About this task:
Repeat the listing word for word. No pictures belong in the copy.

Data to examine:
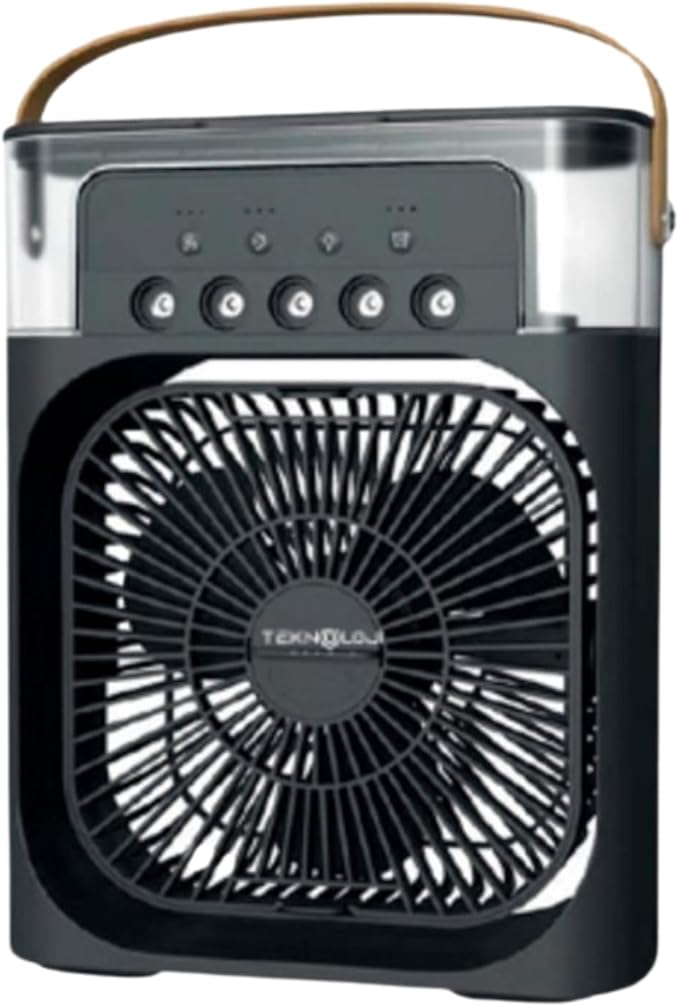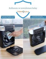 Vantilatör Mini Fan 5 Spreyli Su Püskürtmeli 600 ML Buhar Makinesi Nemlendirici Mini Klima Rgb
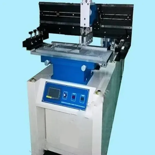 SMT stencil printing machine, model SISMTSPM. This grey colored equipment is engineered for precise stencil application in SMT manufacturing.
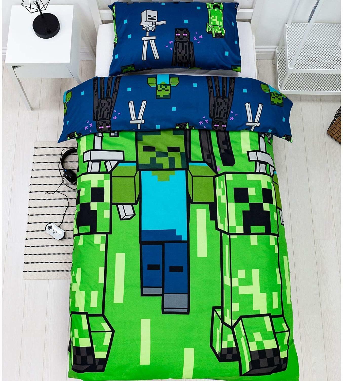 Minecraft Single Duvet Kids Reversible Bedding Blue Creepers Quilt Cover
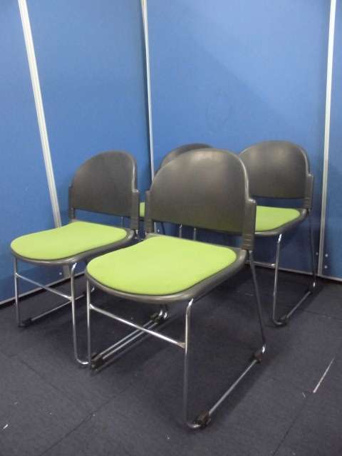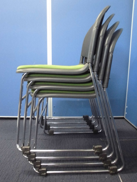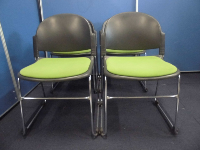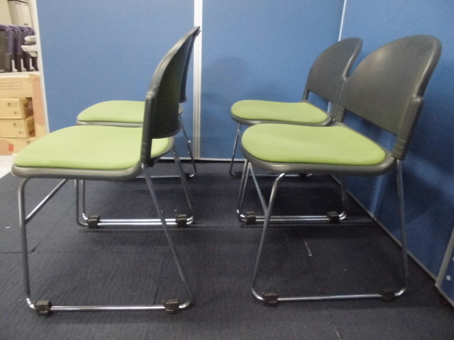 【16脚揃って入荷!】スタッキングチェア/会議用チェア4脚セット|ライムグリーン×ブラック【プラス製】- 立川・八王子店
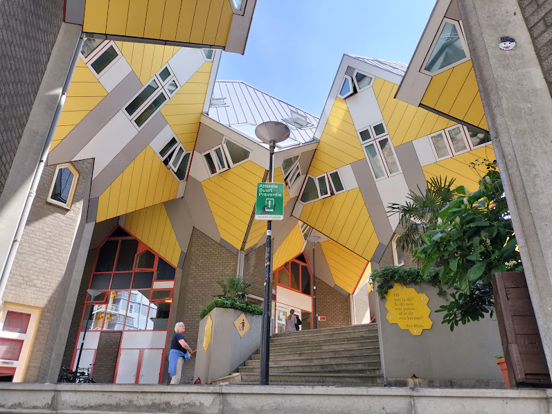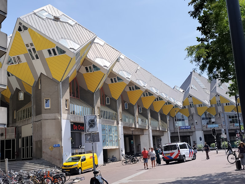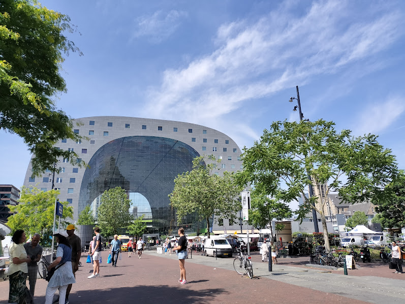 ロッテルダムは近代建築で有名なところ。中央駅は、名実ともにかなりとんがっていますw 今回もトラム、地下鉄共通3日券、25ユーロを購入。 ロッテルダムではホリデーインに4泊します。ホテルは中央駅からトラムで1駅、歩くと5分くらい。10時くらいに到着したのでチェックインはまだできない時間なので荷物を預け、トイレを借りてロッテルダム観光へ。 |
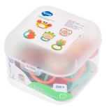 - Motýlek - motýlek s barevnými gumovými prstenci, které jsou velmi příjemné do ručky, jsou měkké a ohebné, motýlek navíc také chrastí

Your response:
 Vantilatör Mini Fan 5 Spreyli Su Püskürtmeli 600 ML Buhar Makinesi Nemlendirici Mini Klima Rgb
 SMT stencil printing machine, model SISMTSPM. This grey colored equipment is engineered for precise stencil application in SMT manufacturing.
 Minecraft Single Duvet Kids Reversible Bedding Blue Creepers Quilt Cover
 【16脚揃って入荷!】スタッキングチェア/会議用チェア4脚セット|ライムグリーン×ブラック【プラス製】- 立川・八王子店
 ロッテルダムは近代建築で有名なところ。中央駅は、名実ともにかなりとんがっていますw 今回もトラム、地下鉄共通3日券、25ユーロを購入。 ロッテルダムではホリデーインに4泊します。ホテルは中央駅からトラムで1駅、歩くと5分くらい。10時くらいに到着したのでチェックインはまだできない時間なので荷物を預け、トイレを借りてロッテルダム観光へ。 |
 - Motýlek - motýlek s barevnými gumovými prstenci, které jsou velmi příjemné do ručky, jsou měkké a ohebné, motýlek navíc také chrastí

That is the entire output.